On Black Motherhood and Constantly Mourning Our Sons and Daughters
There is something about life that changes when a person becomes a parent. Specifically, for the person who carries a child and brings them into this world, the resulting event is far greater than just a physiological change. For me, I became a different person after having my first child, my oldest son. As a Black mother of Black children, I started a process of frequent mourning that I simply wasn’t prepared for.
The very publicized deaths of Black children have been constants throughout the building of my family.
My oldest son was three years old when 7-year-old Aiyana Stanley-Jones was murdered in her living room while napping next to her grandmother. When 17-year-old Trayvon Martin was killed, I had just welcomed a baby girl. And, when 12-year-old Tamir Rice was killed in cold blood in November 2014 by Cleveland police officers, I was still nursing my third child, another boy. As these Black mothers were mourning the losses of their babies, I was doing my best to preserve and protect my own amidst the constant reminder that they could be taken from me at any moment.
Then, this week, when a Ohio grand jury decided not to file charges against the police officers who shot Tamir Rice on a playground before their patrol car even came to a complete stop, tackled his sister at the scene, and refused to offer him any life-saving medical attention as he lie dying on the ground, it all came back again. All the same feelings of anger, powerlessness, and frustration that haunted me each time these children were murdered.
It was yet another reminder that Black life isn’t precious to anyone in the United States, that it is fully expendable and de-valued so much that even children don’t receive justice when they are unfairly killed. Knowing that many White people will never see my children as children, instead they’ll be seen as scary, violent, or threatening, means that each of these events just further normalizes these narratives. Whenever the murderers of Black children go unpunished, sometimes even celebrated, it changes me.

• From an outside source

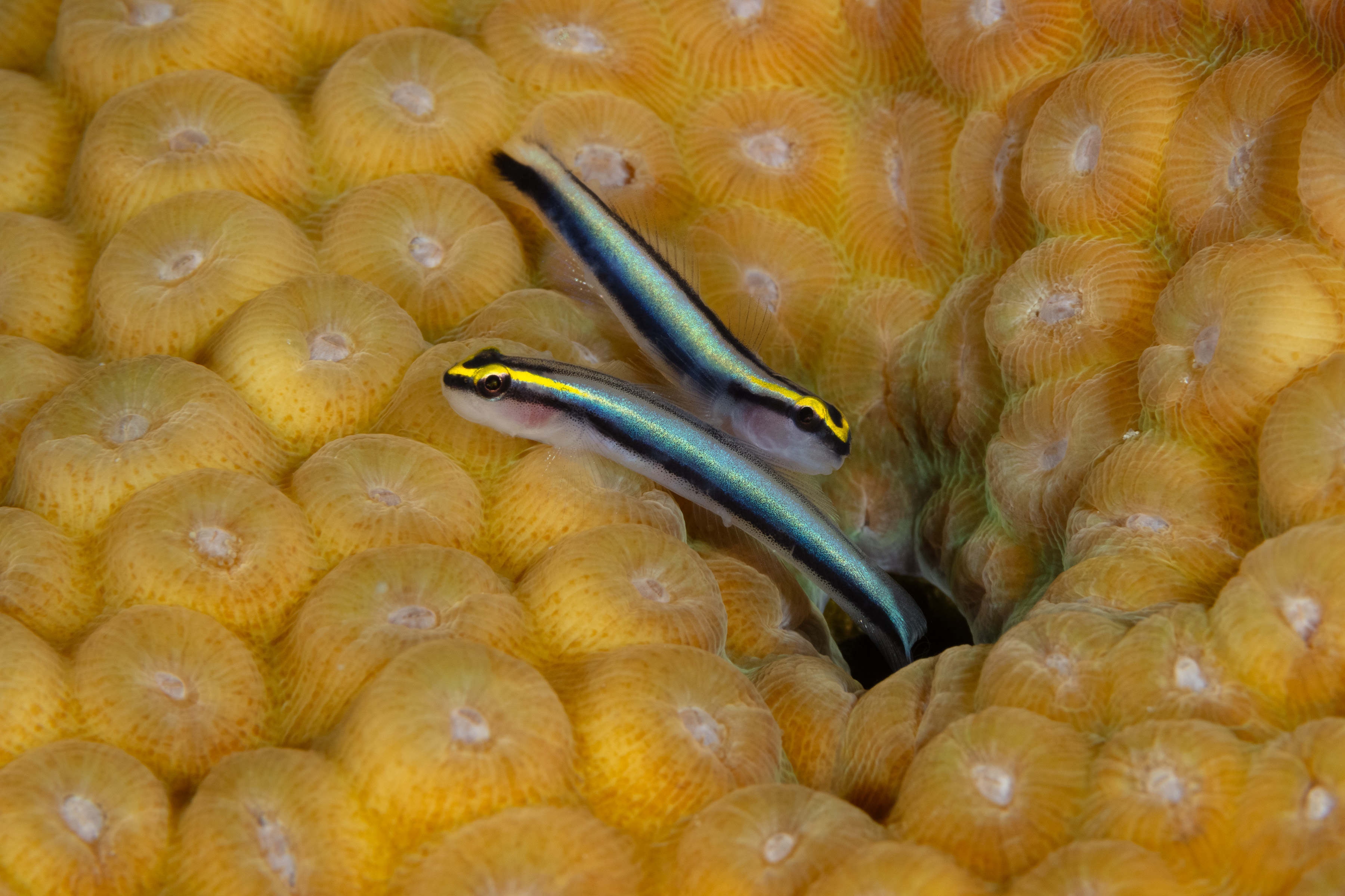 The Sharknose Goby is a cleaner fish, often found in small groups at cleaning stations on coral heads. It removes parasites from larger fish and is not shy around divers.

I am realizing that a good deal of my parenting is in reaction to a society that hates me, that hates my husband, and that wishes to remove all traces of my posterity. This is a reality for me as a Black mother of Black children. It’s a painful one. It’s like a tumor that I know is malignant but I am convincing myself it’s benign.
Each time these events happen, I can’t help but imagine my own child in the same situation. I try my hardest not to do it but the disregard for the lives of Black children makes me keenly aware that my family is not immune. I go through a process of considerations. I ask questions like, “how do I prevent this from happening to my sons or daughter?” Or, “What do I teach them about this particular event so that they will not feel hopeless or targeted?”

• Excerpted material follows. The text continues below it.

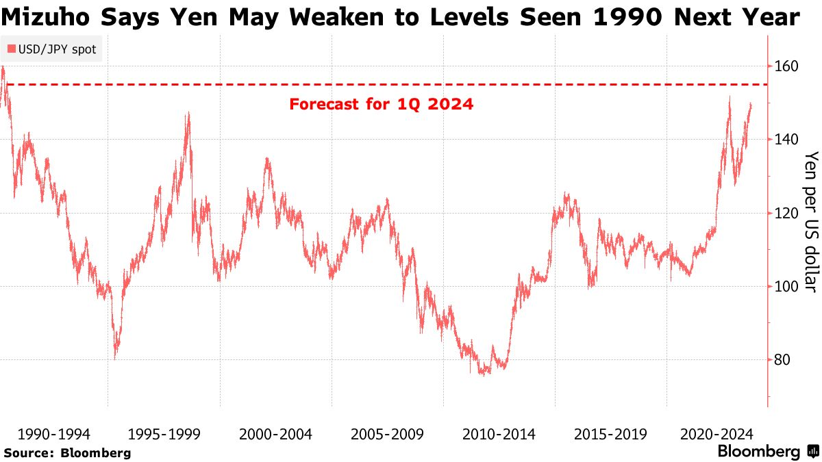 瑞穗并不是唯一这样认为的公司。高盛集团策略师8月份曾说,由于日本政策制定者仍持温和态度,日元将在明年年初跌至1美元兑155日元。美国银行证券也预计,日元兑美元汇率将在2024年上半年触底,跌至1美元兑155日元。

My family, too, could be on the receiving end of what prosecutor Tim McGinty called a “perfect storm of human error.” This human error is frequently deemed justifiable. And, I’m neither arrogant nor ignorant enough to believe that any good behavior on mine or my kid’s parts will protect them from the reckless, murderous hatred towards Blacks in this country.
I guess I have decided that mourning my very alive children is a part of Black motherhood. In a way, like potty-training, teething, and the first day of school each year, mourning is a process I must endure regularly living in the United States. Not only that, it shapes and contours the lessons I hand down, the behaviors I expect, and the choices I make when discussing these issues with my children.
We are collectively mourning our sons and daughters. And every breath they take feels like we stole it from the forces seeking to kill them. Each birthday feels like we have beat the system just one more time.
This is not to say that my daily experiences are equivalent to the mothers who have lost their children. Rather, this is all to say that the ubiquitous violence against Black children is a burden carried by all Black mothers. Some endure this to greater degrees than others but we each suffer from the anxiety that these murders and the subsequent injustices induce.
I’m not sure what it looks like to truly be free of these burdens. I have no way of understanding what it means to parent children without these feelings and pressures. For me, this is motherhood, a beautiful sequence of stolen moments, hopes, and fears.